## Instructions to follow:
What are the lines below, starting at the line containing "鋁銀漿主要應(yīng)用的" and ending at the line containing "Conjunto de mesa"? Write them out exactly, ends included, without pictures.

## Input data:
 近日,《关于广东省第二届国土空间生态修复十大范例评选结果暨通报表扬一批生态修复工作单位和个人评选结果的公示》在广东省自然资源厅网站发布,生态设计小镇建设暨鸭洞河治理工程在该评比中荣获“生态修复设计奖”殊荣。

==

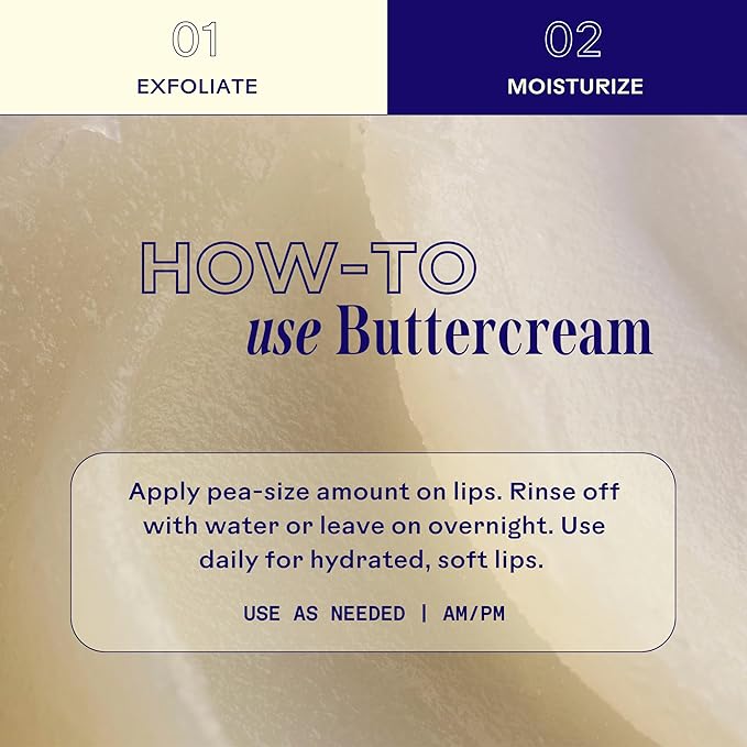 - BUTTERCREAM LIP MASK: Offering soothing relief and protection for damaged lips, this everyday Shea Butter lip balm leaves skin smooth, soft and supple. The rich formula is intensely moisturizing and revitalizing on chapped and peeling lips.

--

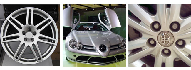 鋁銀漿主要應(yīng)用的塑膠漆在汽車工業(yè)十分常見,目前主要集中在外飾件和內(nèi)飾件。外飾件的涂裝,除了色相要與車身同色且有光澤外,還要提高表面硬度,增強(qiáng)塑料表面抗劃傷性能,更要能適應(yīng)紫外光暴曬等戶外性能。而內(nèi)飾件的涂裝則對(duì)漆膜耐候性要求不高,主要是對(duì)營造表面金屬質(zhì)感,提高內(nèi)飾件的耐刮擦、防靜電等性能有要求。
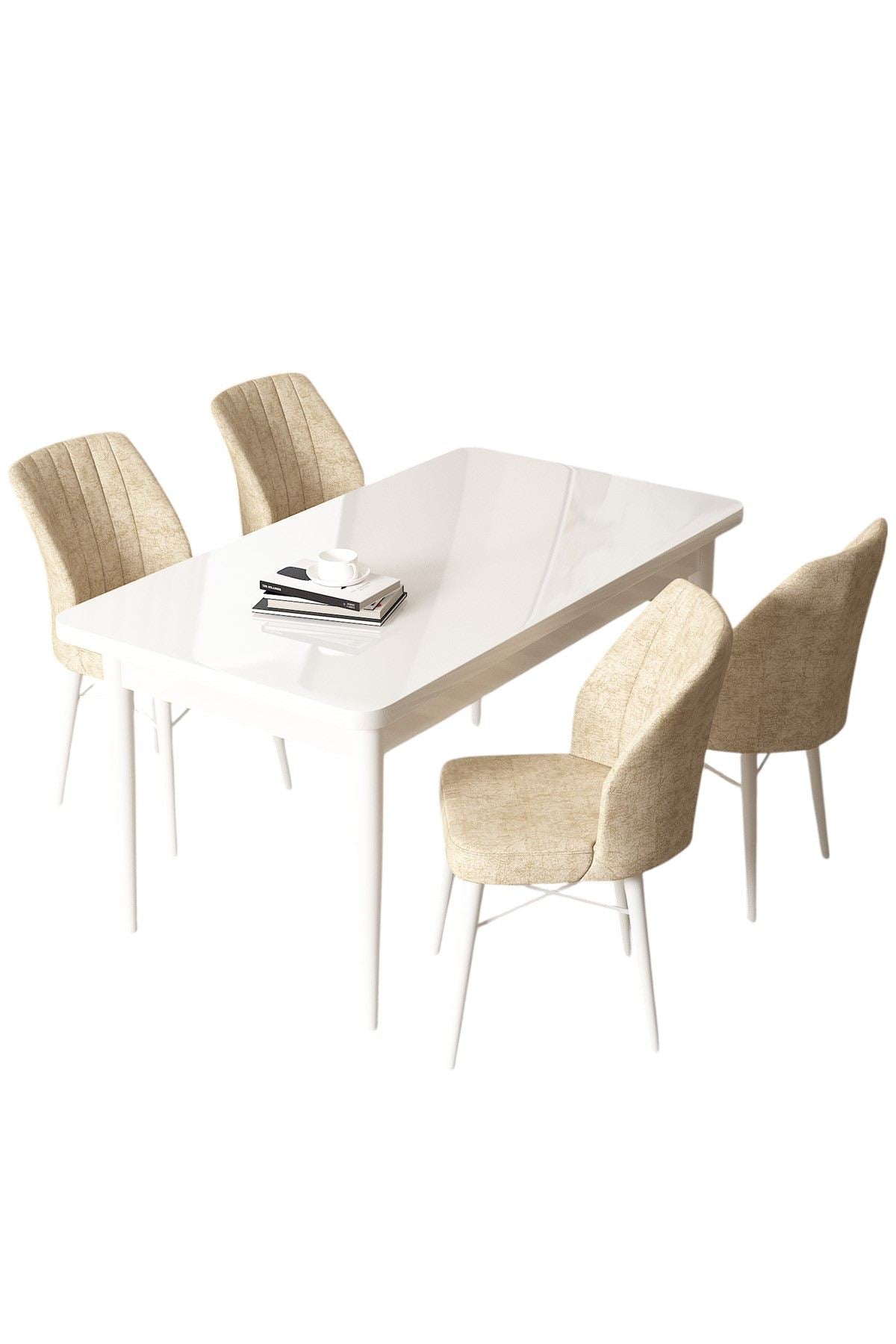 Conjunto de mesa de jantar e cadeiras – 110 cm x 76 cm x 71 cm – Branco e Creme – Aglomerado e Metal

## Result for this exercise:
 鋁銀漿主要應(yīng)用的塑膠漆在汽車工業(yè)十分常見,目前主要集中在外飾件和內(nèi)飾件。外飾件的涂裝,除了色相要與車身同色且有光澤外,還要提高表面硬度,增強(qiáng)塑料表面抗劃傷性能,更要能適應(yīng)紫外光暴曬等戶外性能。而內(nèi)飾件的涂裝則對(duì)漆膜耐候性要求不高,主要是對(duì)營造表面金屬質(zhì)感,提高內(nèi)飾件的耐刮擦、防靜電等性能有要求。
 Conjunto de mesa de jantar e cadeiras – 110 cm x 76 cm x 71 cm – Branco e Creme – Aglomerado e Metal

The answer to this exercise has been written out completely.